Foreign companies often send delegates and professionals to India without adequately briefing them on important cultural nuances. This oversight can lead to communication breakdowns, delaying the desired outcomes until these misunderstandings are addressed. Based on interviews and confirmations from numerous individuals, here are some key pointers on how to effectively communicate with Indian professionals:
Understand the hierarchy: In India, respect for hierarchy is deeply ingrained. If you’re in a superior position, don’t expect your Indian counterparts to share their perspective or challenge you directly. Negative feedback is particularly tricky. If you haven’t built a close relationship with them, it’s unlikely you’ll hear their true opinions. So, build rapport and get them to open up to you first.

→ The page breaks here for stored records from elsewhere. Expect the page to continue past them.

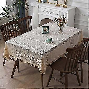 Bohemian Style Woven Tablecloth with Tassel Trim and Non-Slip Design for Elegant Dining Tables
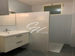 La salle d'eau, est dotée d'une grande douche, d'un meuble avec miroir lumineux. vous noterez la présence d'un fenestron pour une ventilation naturelle.
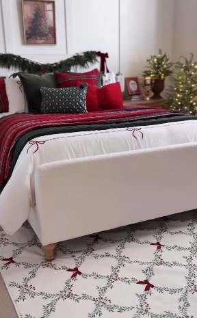 It acts as the perfect, soft foundation for a cozy Christmas scene, complementing the rich red and green bedding (or sofa pillows in a living room) beautifully. It feels fresh, detailed, and wonderfully inviting.
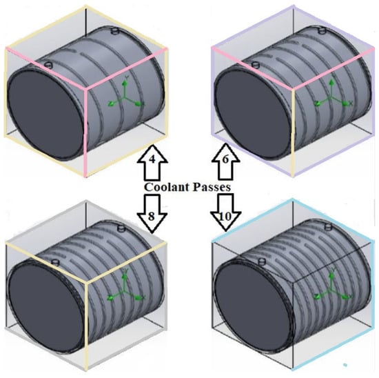 Rehman et al. [] conducted the 3D steady-state model investigation of a 90 kW IM with three different layouts of cooling jackets and four types of coolant flow passes. Four different water flows (5, 10, 20 and 30 LPM) were numerically studied. Maximum functioning temperature and pumping power were the key areas of focus in this investigation. The different configurations are shown in Figure 8 and Figure 9. The upper limit of the operating temperature for the design of the cooling jacket was set at 373 K. The highest temperature was observed to be in the stator winding due to intense heat loss from the winding loss. It was observed that the more the number of passes, the less the maximum temperature reached. Furthermore, the effect of varying the number of passes becomes less on increasing the passes beyond six, Table 6 and Table 7.
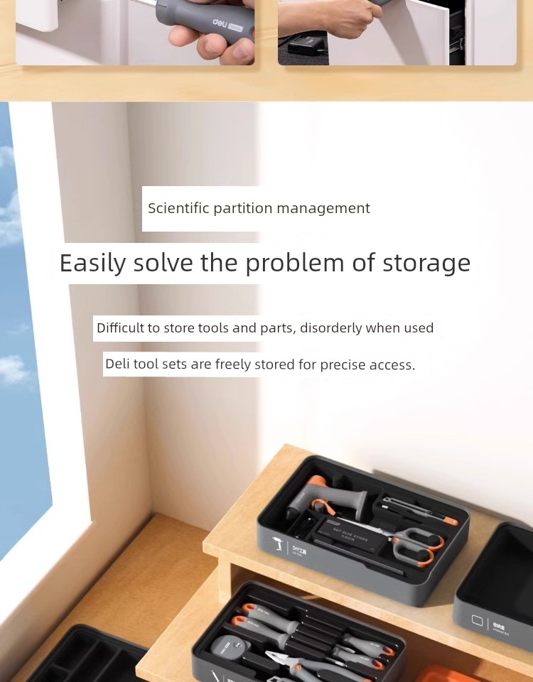 Deli Home Daily For Home Wire Cutter Hammer Lithium Electric Drill Emergency Repair Multifunctional Suit Tool H1001
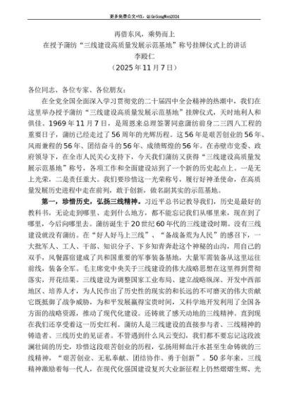 / 领导讲话:20251130李殿仁:在授予蒲纺“三线建设高质量发展示范基地”称号挂牌仪式上的讲话
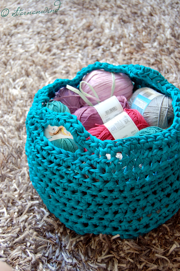 wie letzte Woche angekündigt, habe ich heute eine Anleitung für euch, um einen Aufbewahrungskorb, z. B. für eure Wolle, zu häkeln. Ich bin in der neuen Wohnung noch dabei, meine Kreativecke zu verbessern und während ich am Rumräumen war, fiel mir auf, dass ich die eine Kiste, wo bisher die Wolle drin war (und die eh schon platzt), nun für etwas anderes brauchte. Also Wolle raus, Kiste umgepackt… Und dann lag die Wolle rum…
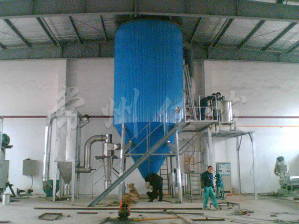 This machine atomizes the material into small droplets through a hydraulic pressure nozzle, and completes drying by convection with hot air inside the tower to obtain granular products.
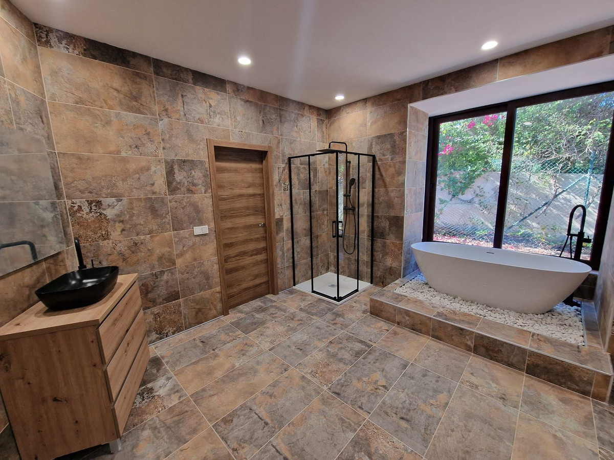 Villa individuelle à Sotogrande. Entièrement rénovée, elle comprend 4 chambres, 4 salles de bains, un WC invités, un vaste séjour avec cheminée, un grand salon et une grande cuisine dînatoire. Garage fermé, grand jardin, piscine et court de tennis. Surface habitable de 682 m² sur un terrain de 2 400 m².

Understand Indirect communication: If an issue is important enough, they might use indirect methods to convey their concerns. For instance, they might communicate through their immediate superiors or drop subtle hints. It’s their way of respecting the chain of command and avoiding direct confrontation.
Indians are generally hesitant to bypass their superiors to share their opinions, regardless of how urgent the matter might be. They don’t want to be perceived negatively or as someone who makes waves. On the other hand, if they do end up sharing their perspective and they are not valued, they still get hurt and avoid expressing themselves in future.
Mind the Power Imbalance: When there’s a power imbalance, they often feel the need to submit to the other to avoid risking their job. In India, this is especially true when it comes to hierarchy. If the foreign counterpart is higher in any way—whether it’s due to their position, being a client, or simply earning more money—they will see a power imbalance.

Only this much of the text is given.